Dia mengaku ingin menjahili Dedianus, sepupunya, saat istirahat bekerja. Umar mengungkapkan awalnya Dedianus mengambil video sedang bekerja mengenakan helm kuning, berlatar orang Melasti di Desa Adat Bakbakan, Gianyar, lalu dijadikan status WhatsAppnya.
Video itu kemudian diambil dan diedit oleh Yanto dengan narasi SARA dan berlatar lagu khas Sumba. Kemudian diunggah melalui akun TikTok @Loghe.dorih.

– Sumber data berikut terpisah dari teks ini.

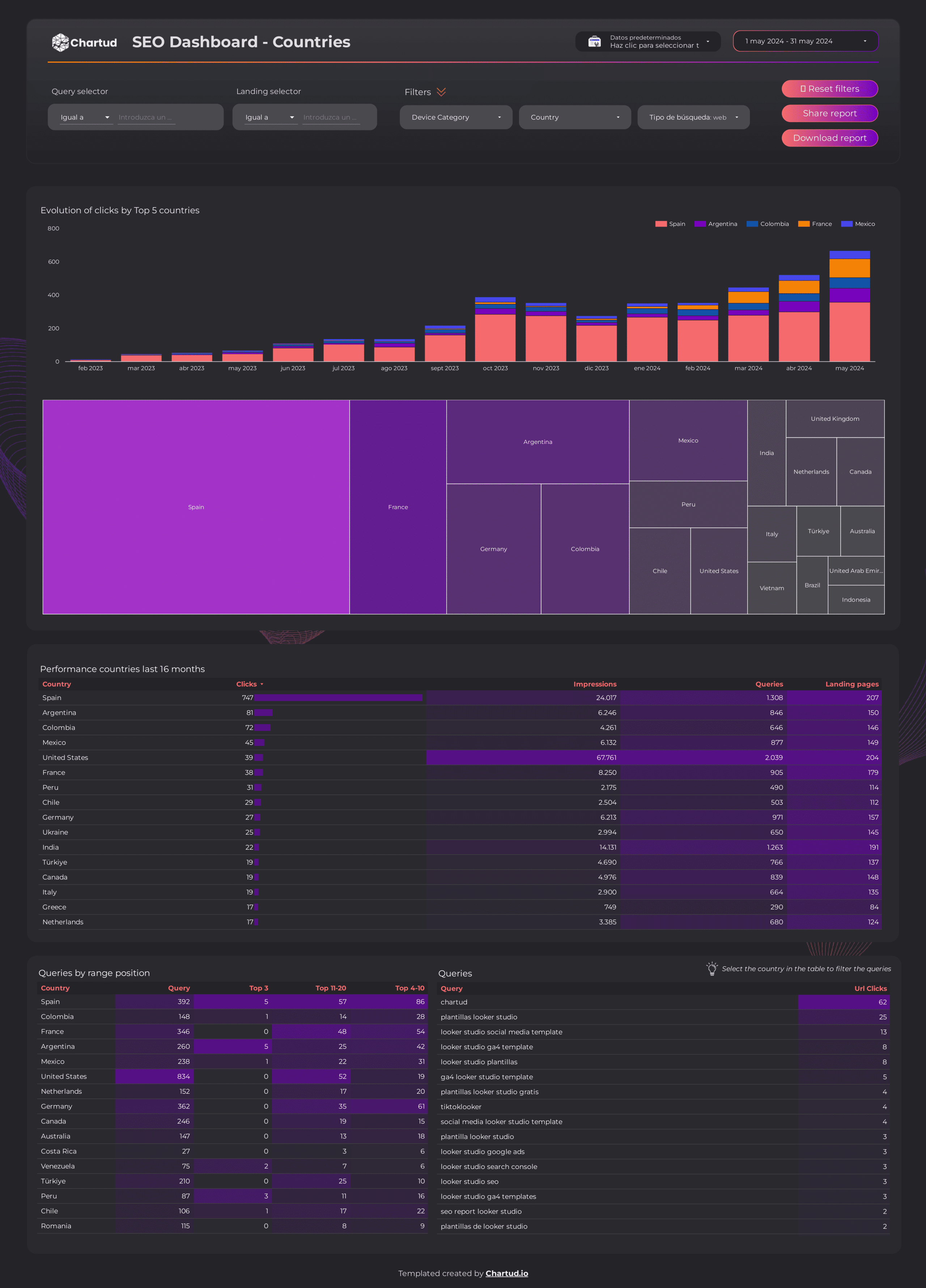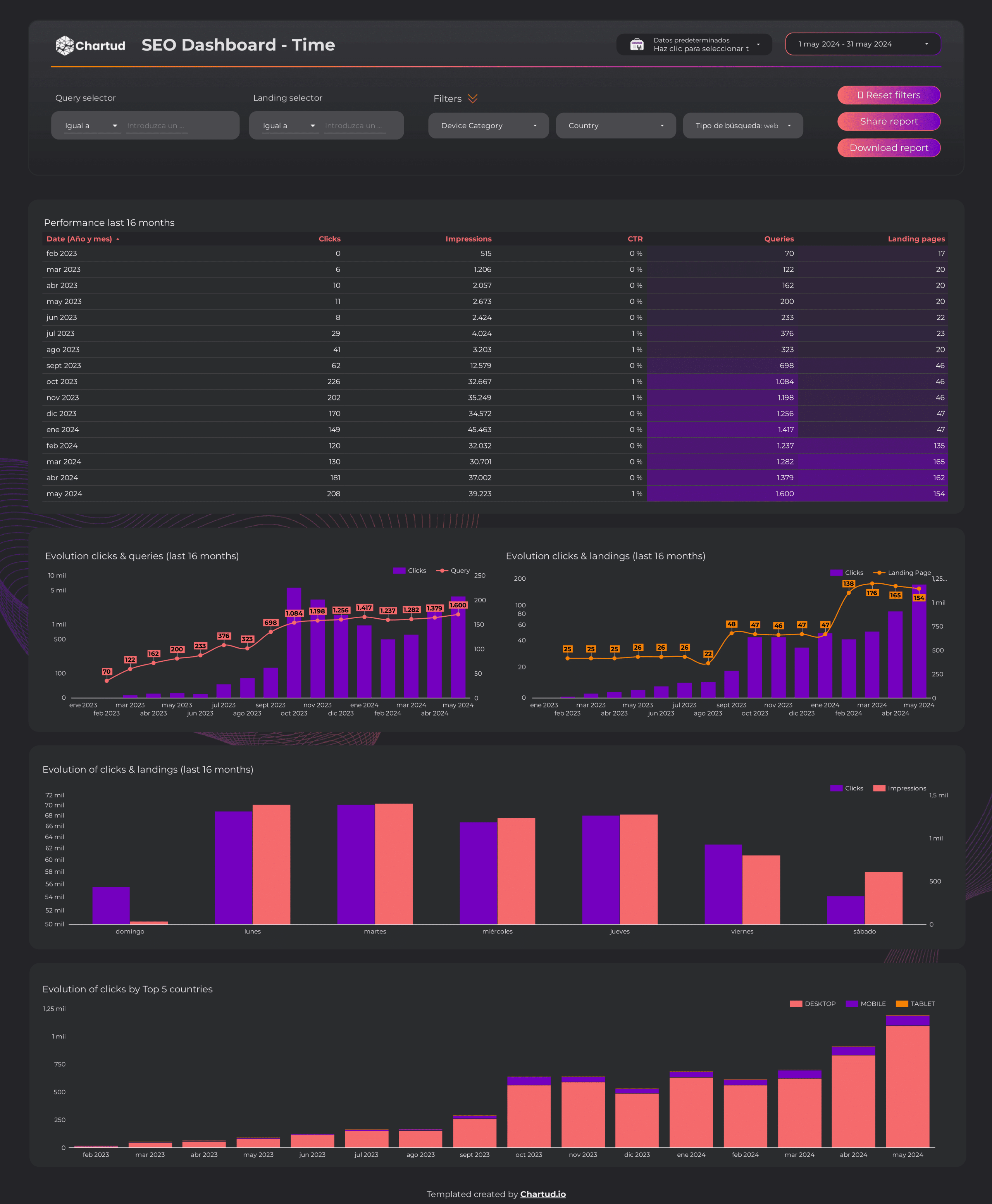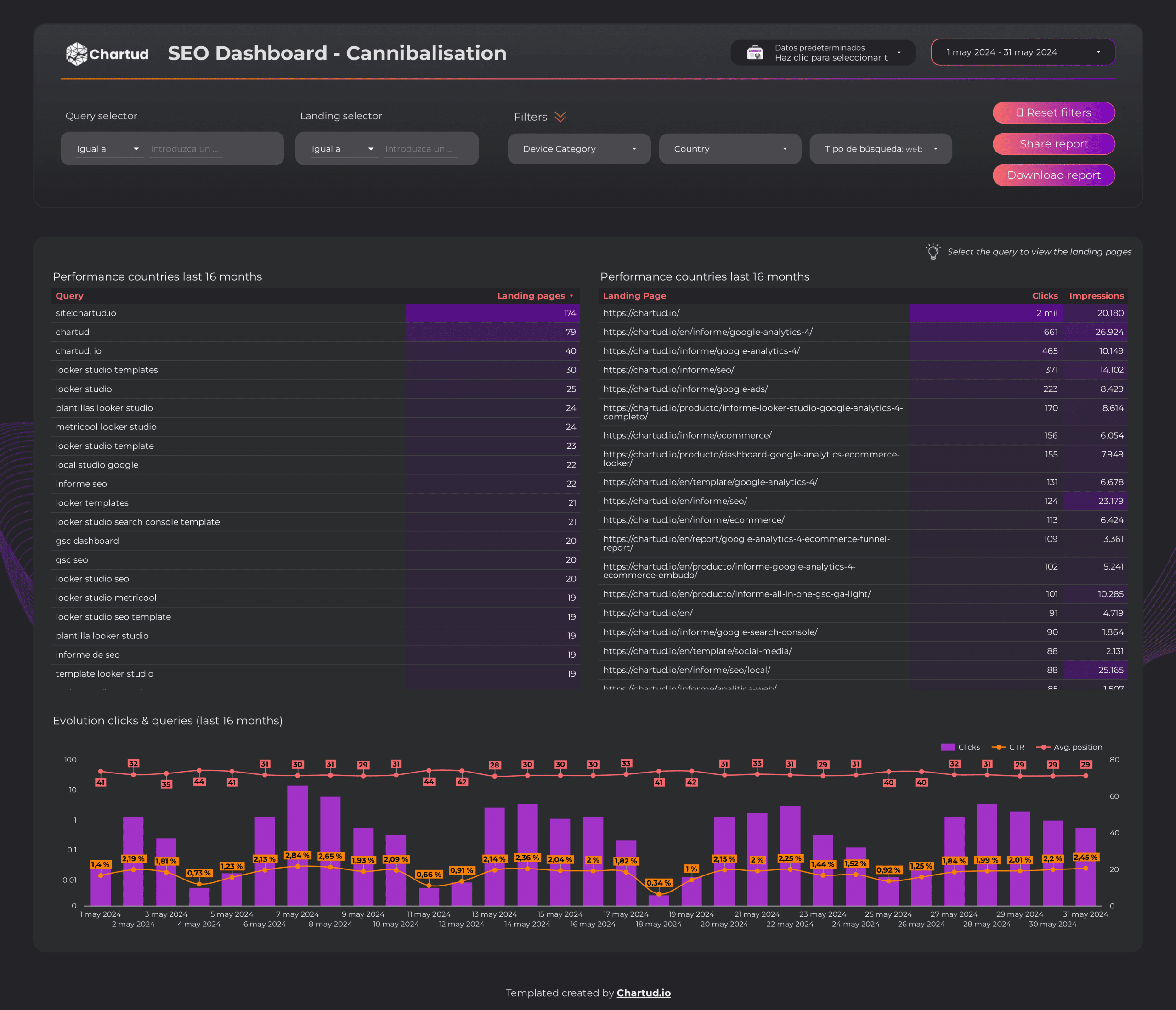 Todas las páginas cuentan con una sección de filtros para elegir query, landing page, dispositivo, país o tipo de búsqueda. Además de botones para resetear filtros, compartir el informe o descargarlo en PDF. Al usar estos filtros los datos de las páginas se modifican.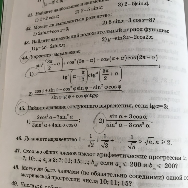 45 (2) Найдите значение выражения (sinα+3cosα) / (sin³α - 3cos³α) ,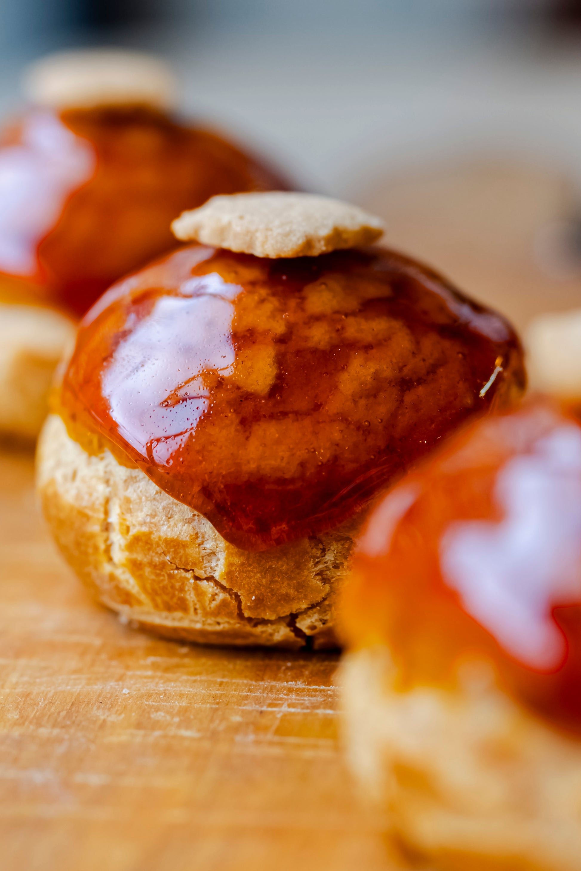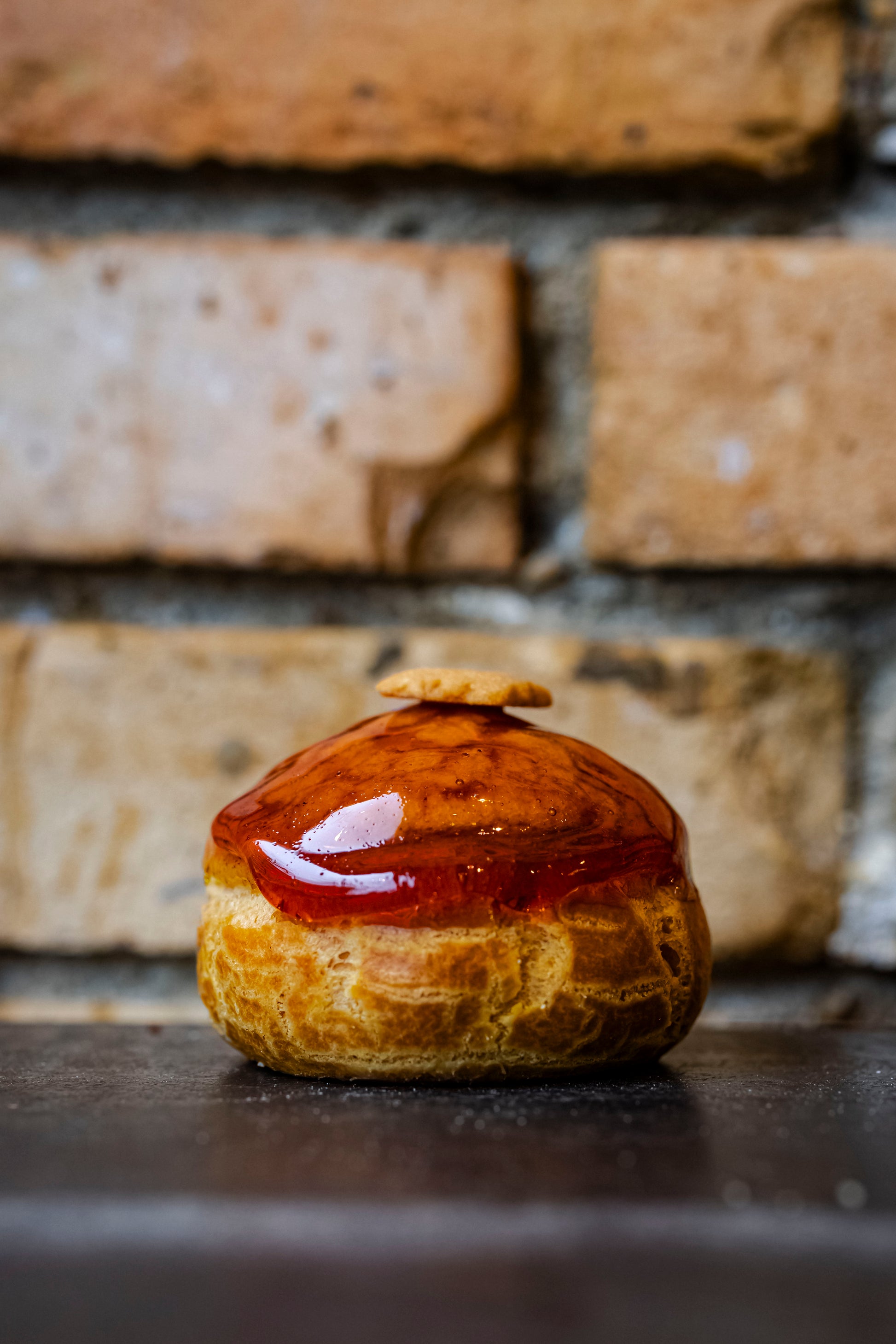Un chou généreux garni d’une crème pâtissière au Kirsch « Grande Réserve », relevée par un caramel croquant : attention ça décoiffe !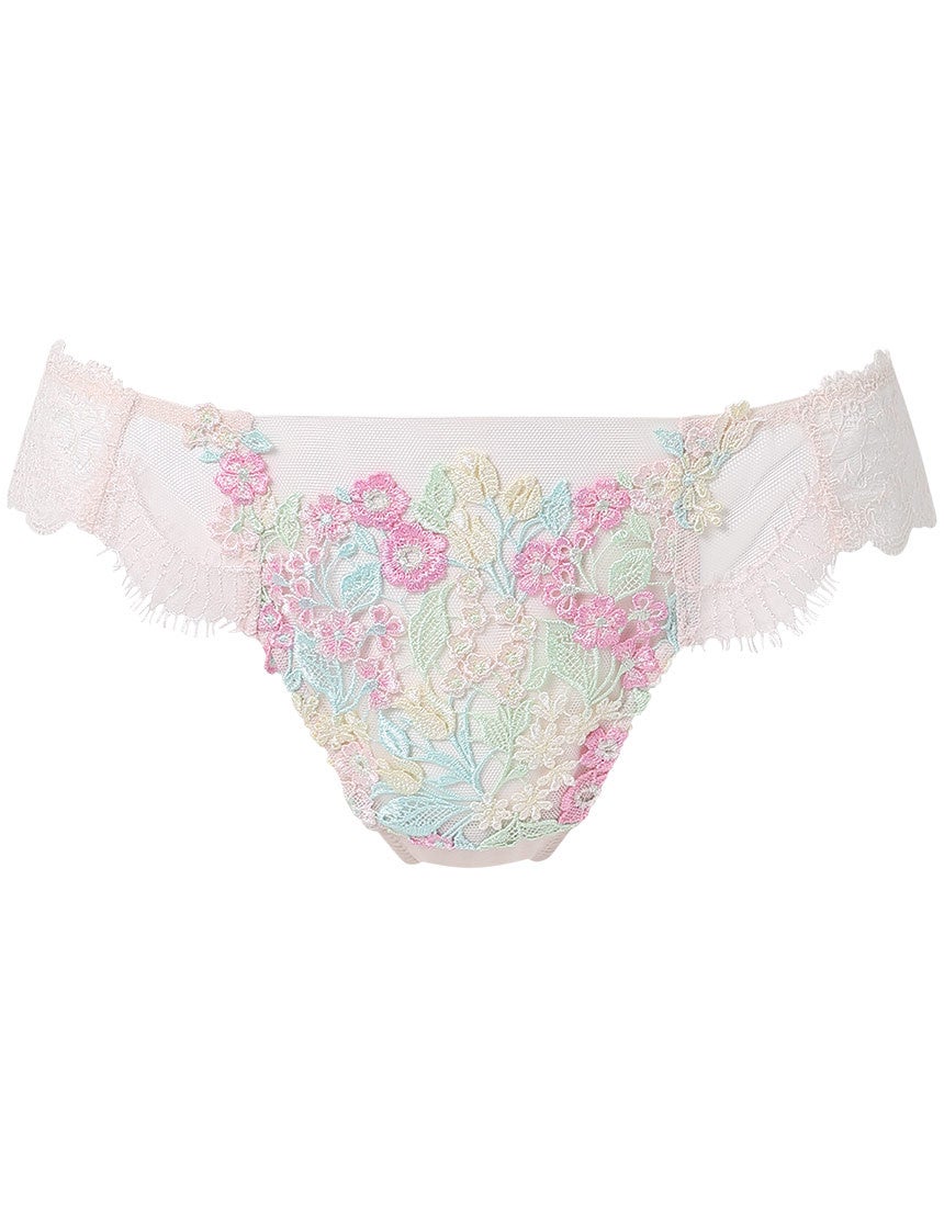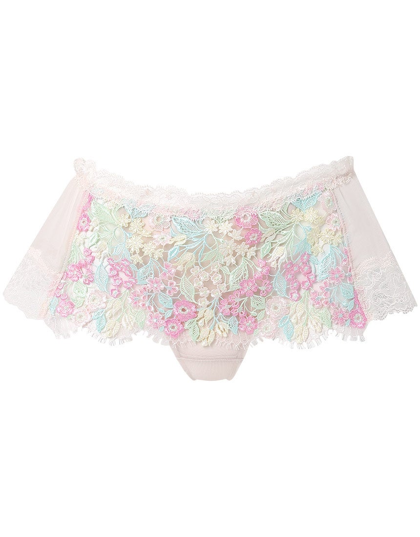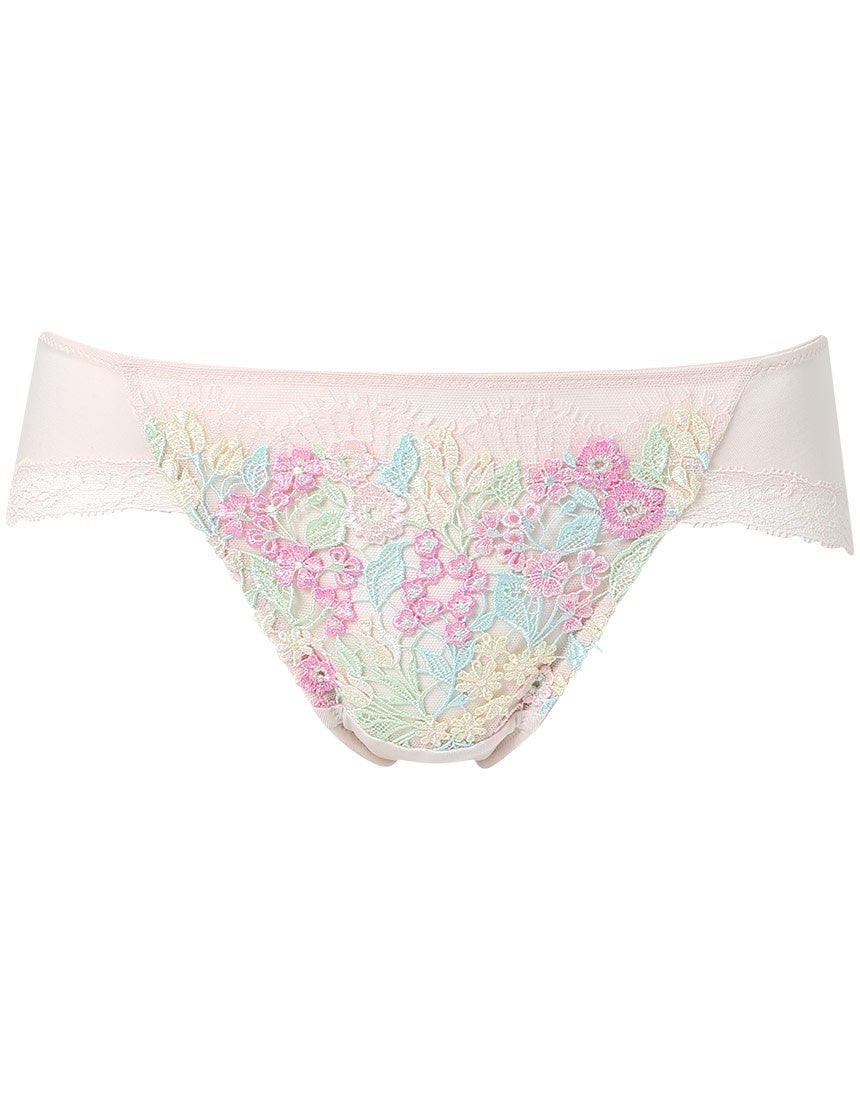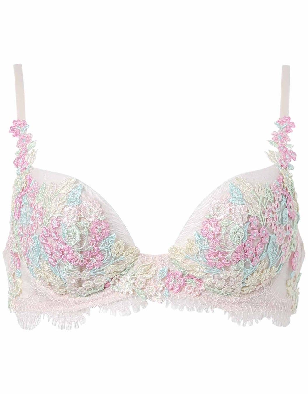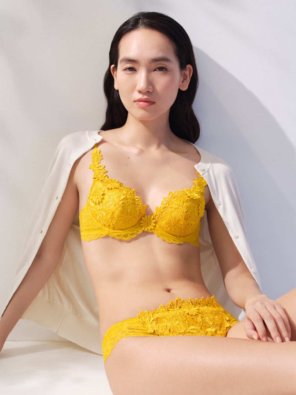 可憐な花々を束ねたロマンティックなブーケをそのままランジェリーに仕立てたような、 至福をまとうコレクションです。 古き良き時代のクチュール感あるレースを、大花モチーフと小花アップリケで新鮮にアップデートしました。刺繍の重なりに工夫を凝らし、奥行きのあるレースが美しさを際立たせます。花々がもつ甘さだけでなく、ナチュラルでモダンな雰囲気も取り入れました。

"Korban dan tersangka Yanto bekerja pada lokasi yang sama, dan saat sweeping oleh warga yang marah pada tengah malam hingga dini hari Yanto kabur karena tahu itu akibat video yang diunggahnya, tersangka kabur saat Dedianus dipukuli dan diseret keluar oleh warga," ungkapnya.
Atas perbuatannya menyebarkan video bernada SARA yang menyulut emosi warga itu, Yanto dijerat Undang-Undang Nomor 11 Tahun 2008 tentang Informasi dan Transaksi Elektronik. Ia terancam penjara maksimal enam tahun dan denda Rp 1 miliar.
Umar menjelaskan untuk memulihkan kondisi keamanan dan ketertiban masyarakat (kamtibmas), semua pihak dikumpulkan. Baik dari komunitas Flobamora di Bali maupun dari Desa Bakbakan. Ini agar kedua pihak tidak lagi memperpanjang dan menambah keruh suasana. Semua tersangka, yakni 10 orang pelaku pengeroyokan dan pengunggah video sudah ditangkap.
"Kemarin sore sampai malam pihak adat dan dinas dari Desa Bakbakan sudah hadir di Polres untuk hal ini," pungkasnya.